Долго рассматривал генерал полуобнаженное, все в колотых и рубленых ранах тело Шуры Рудых, прекрасное даже в смерти, с темными пушистыми бровями, лицо.

– Эк его разделали! – воскликнул он, отъезжая.

Беркутов поморщился. Когда он, следуя приказанию генерала, прекратил бойню, этот парнишка уже не стрелял, а бился прикладом, потом рванул с пояса гранату. Его успели оглушить. Там, в общественном сарае, где их пытали, он сказал этому бывшему гимназисту:

– Ты дрался отважно. Хочешь, я доложу о тебе генералу, и он сохранит твою жизнь?

– Разве это будет жизнь? – прозвучал дерзкий вопрос. – Ведь вы заставите служить тем, кому служите сами, став стервятниками, живущими за счет чьей-либо смерти!

– Ты бился отважно, – повторил Донат, играя рукоятью нагайки. – Теперь остынь и взгляни на вещи трезво: тебе девятнадцать, не так ли? – Вместо ответа этот красный кинул взгляд, от которого по спине пробежал холодок. Стоило ли после этого проявлять к нему особую терпимость? Или вот этот, черноусый…

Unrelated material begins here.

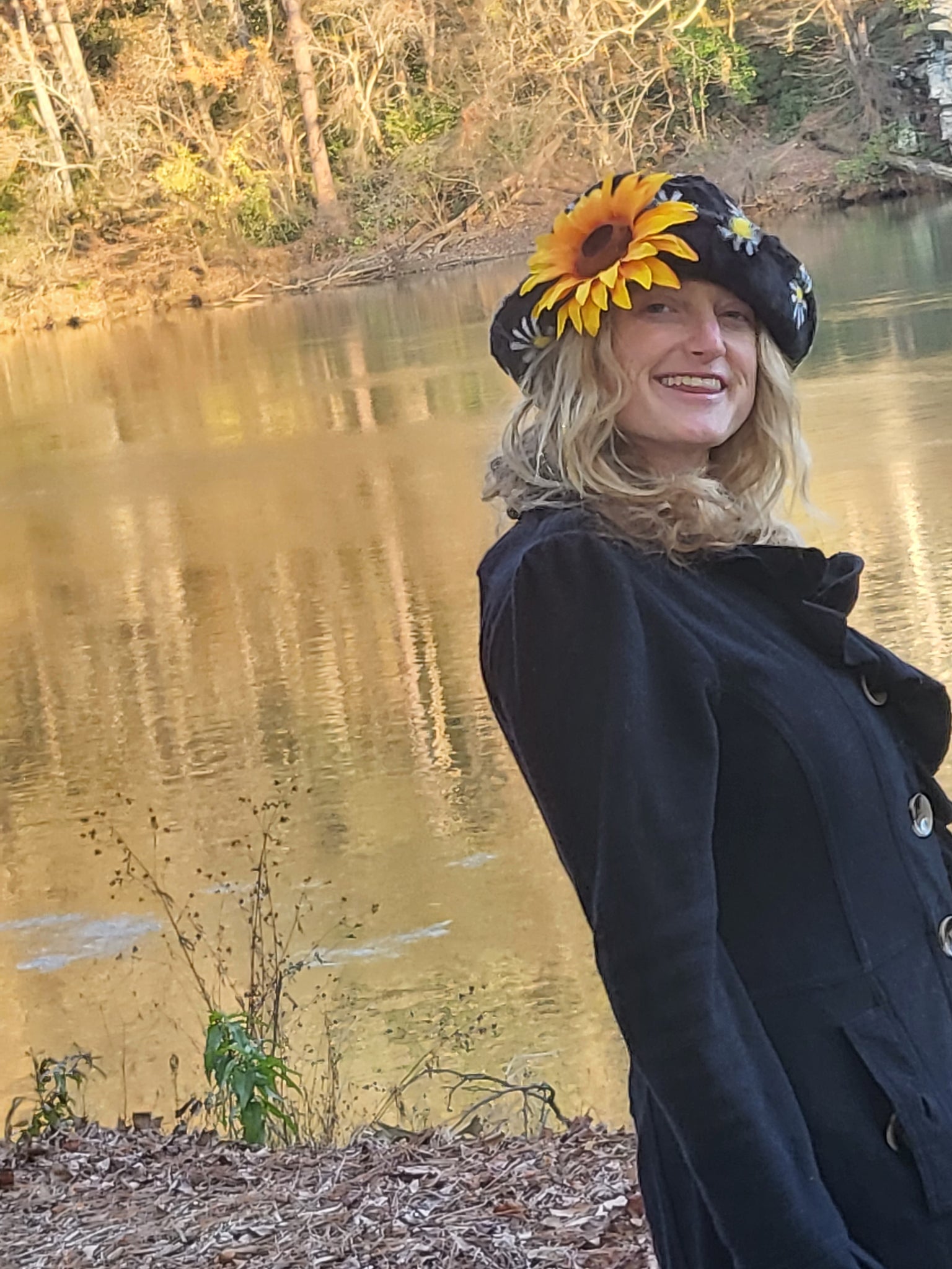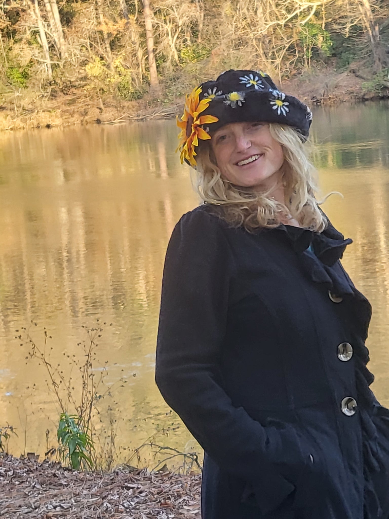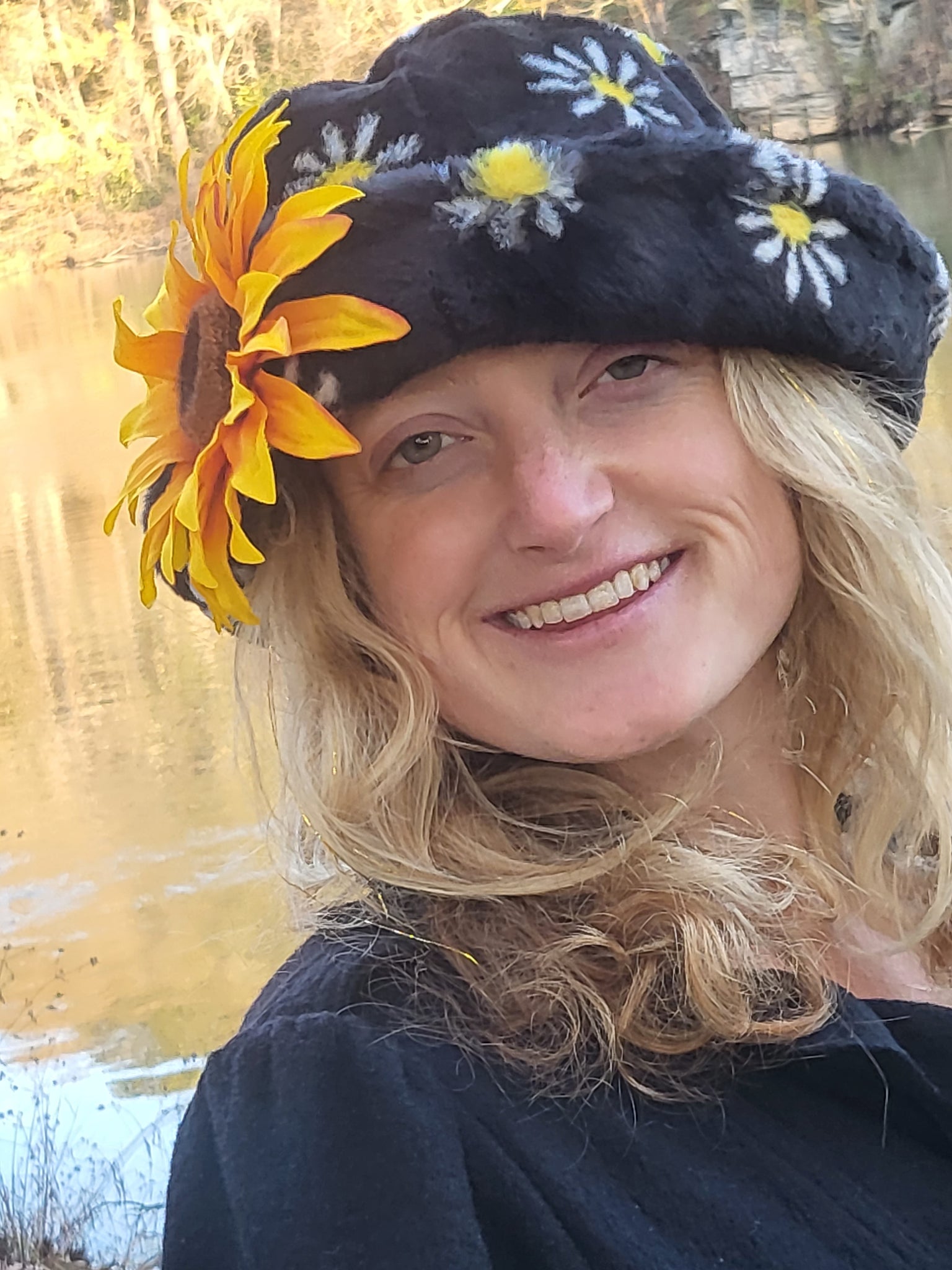 Fuzzy Daisy in the dark bucket hat sure to keep you warm on the coldest of daze. Adorned with a detachable Sunflower you can clip anywhere on your outfit !

– Я тебя знаю, – сказал он черноусому, – ты бывший чиновник, и, если будешь говорить правду, мы оставим тебе жизнь. Хабаровск здорово лихорадит?

Разбитые губы шевельнулись, не то силясь произнести слово, не то складываясь в подобие улыбки:

– И я тебя знаю, – глядя в глаза из-под нависших бровей, ответил пленник. – Отец твой был зверь, но и он сейчас переворачивается в гробу, почуяв, как его сынок терзает истекающих кровью людей. Убей меня, но Лука не был Иудой и не станет. – Когда его пороли шомполами, он лишился чувств, но шел сюда бодро и даже поддерживал кого-то. Странные люди. Может, им незнакомо чувство боли?

«Восемь рубленых ран на голове, – подсчитал Сахаров, остановив коня возле тела Алексея Клинкова, и продолжил свой подсчет: – Шея перерублена, на уровне правой лопатки две резаных раны, на груди две колотых, ступня правой ноги полуотрублена, руки связаны». – Он невольно поморщился:

– Все же можно было и поосторожнее…

Беркутов воспринял это замечание как личную обиду.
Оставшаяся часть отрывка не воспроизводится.